Fruit or blossom only occurs in spring. To select spring, use the Season menu in the Tree Designer palette.

Tile texture check box

Click to repeat the wood texture or stretch it to fit the whole tree.

Textures may be tiled along the length of the tree or stretched over the whole tree. If your textures are small images then the tree looks better if they are tiled. Using one big texture for the whole tree you could change the colour of the branches as they get shorter.

Load textures buttons

Click on one of these buttons to choose either the wood or leaf textures.

Textures can be imported from BMP, JPEG, PICT, Photoshop, PNG, QuickTime Image, SGI, TIFF and TGA picture files. Very large textures can slow the drawing if you have an old graphics card.

The alpha channel is a grayscale image where each pixel is used as a measure of transparency.

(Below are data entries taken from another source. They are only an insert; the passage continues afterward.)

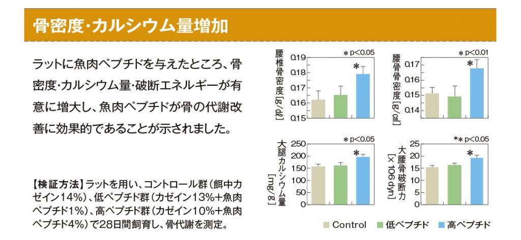 また、大腿骨中のカルシウム量でも、魚肉ペプチドを混ぜた飼料を与えたラットのほうが高くなりました。
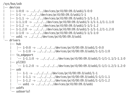 For example, the following device is an eight-port USB-to-serial device on the first USB bus in the system. Its location in sysfs is /sys/devices/pci0/00:09.0/usb1/1-1/1-1.1. Within that directory are the following directories and files: 1-1.1:0/, bcdDevice, bConfigurationValue, bDeviceClass, bDeviceProtocol, bDeviceSubClass, bmAttributes, bMaxPower, bNumConfigurations, bNumInterfaces, idProduct, idVendor, manufacturer, name, power, product, serial, speed, ttyUSB0/, ttyUSB1/, ttyUSB2/, ttyUSB3/, ttyUSB4/, ttyUSB5/, ttyUSB6/ and ttyUSB7/.
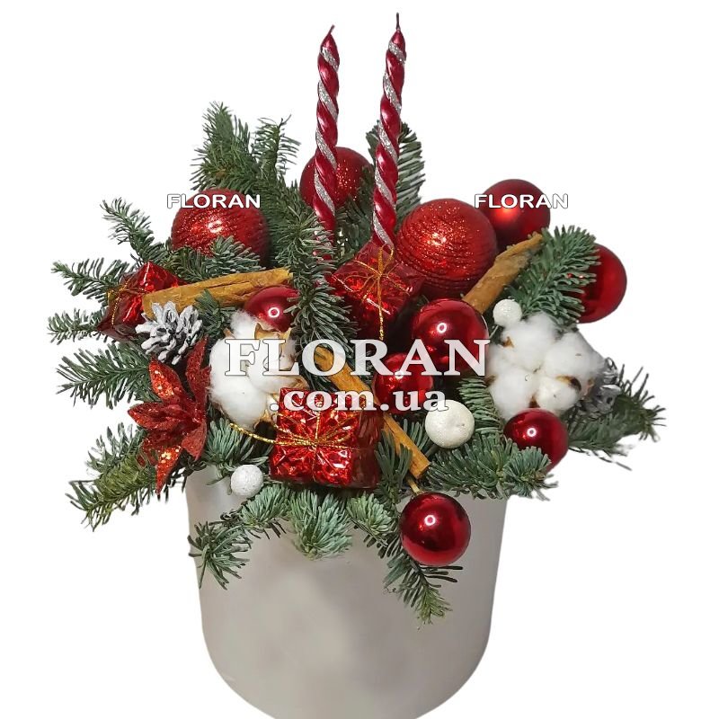 Рождественская композиция со свечами - код товара FL-2136 - это прекрасный способ создать в доме атмосферу праздника и уюта во время Рождества. В этой композиции вы найдете ароматные ветки ели или сосны, которые наполнят ваш дом праздничным ароматом и придадут интерьеру особый шарм. Одиннадцать красных елочных шариков различных размеров придают композиции настоящий рождественский вид. Красный цвет символизирует Рождество и радость этого светлого праздника. Две свечи добавляют мягкого освещения и создают атмосферу уюта. Зажженные свечи в Рождество всегда приносят ощущение тепла и внимания к деталям. Композиция также украшена новогодним декором, чтобы придать ей праздничный вид. Мы рады предложить вам доставку этой уникальной рождественской композиции собственными курьерами. Мы доставим ее прямо к вашему порогу, чтобы вы могли наслаждаться праздником в полной мере, не беспокоясь о том, как довезти этот чудесный элемент праздничного декора. Пусть Рождество будет ярким и уютным в вашем доме!
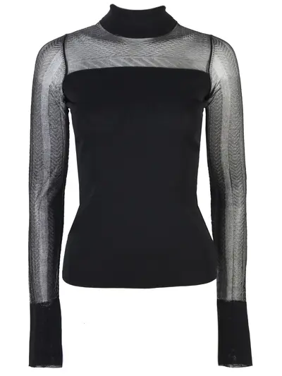 -Черный топ с полупрозрачными деталями от Roland Mouret.
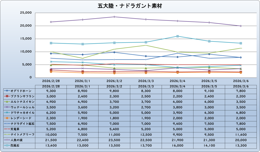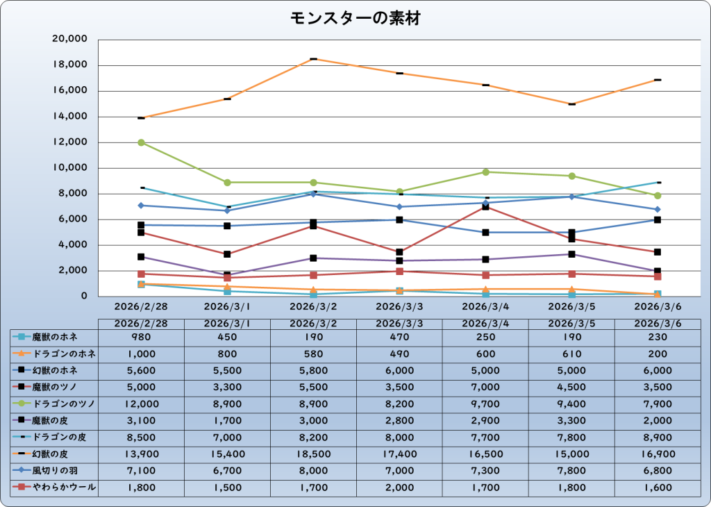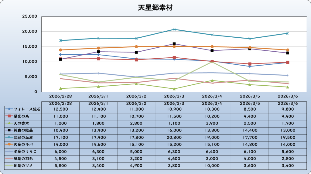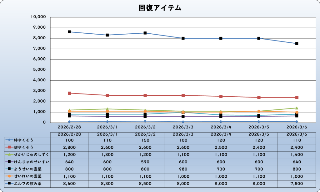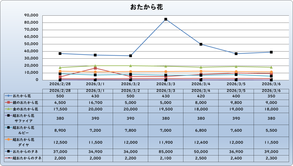 それでは、2026年3月6日までの1週間分のバザー相場の動きを載せています。
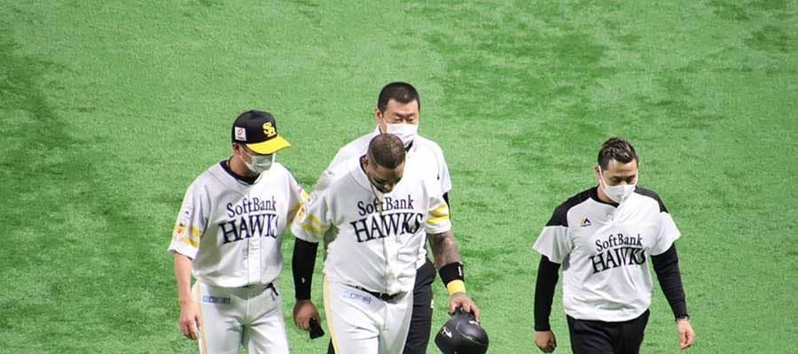 鷹バレンティンがアクシデントで負傷交代 自打球が左足の爪先に直撃
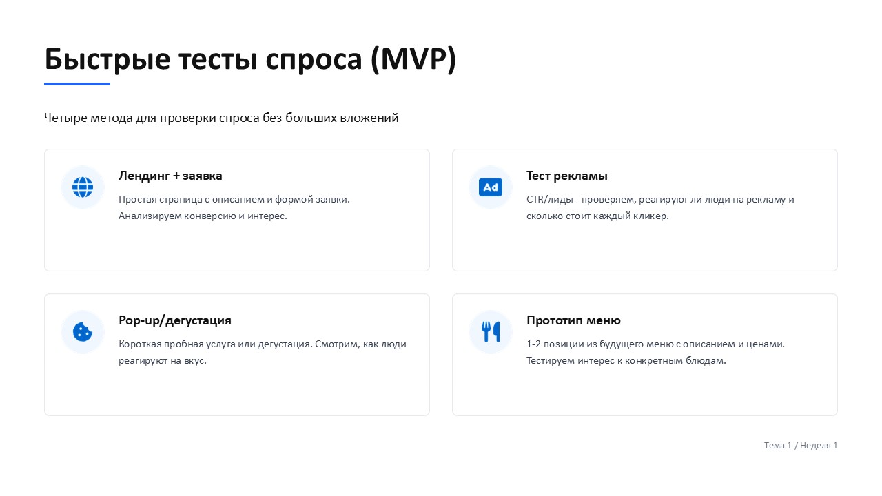 Эта неделя — старт курса и самый важный фильтр всего проекта. Мы не начинаем с выбора названия, меню или красивого интерьера. Мы начинаем с того, что ищем сильную бизнес-идею, проверяем, есть ли под неё живой спрос, и прикидываем, может ли она зарабатывать.

You can therefore include lots of strange shapes, including branches, by being creative with your leaf images. The easiest way to add an alpha channel to a picture is to convert the picture to TIFF format and add the alpha channel in your image editing application such as Photoshop. Other formats such as JPEG do not support alpha layers.

The alpha layer is usually the 8 bit difference between 24 and 32 bit colour.


Output resolution

Output resolution boxes

Type the width in pixels of new image or movie files into the left box and the height into the right box.

When you save your tree as a picture or movie, this number is the number of pixels across the width and height of an image. On a typical computer screen there may be 72 pixels in an inch and on paper there may be 300 to 600 or more.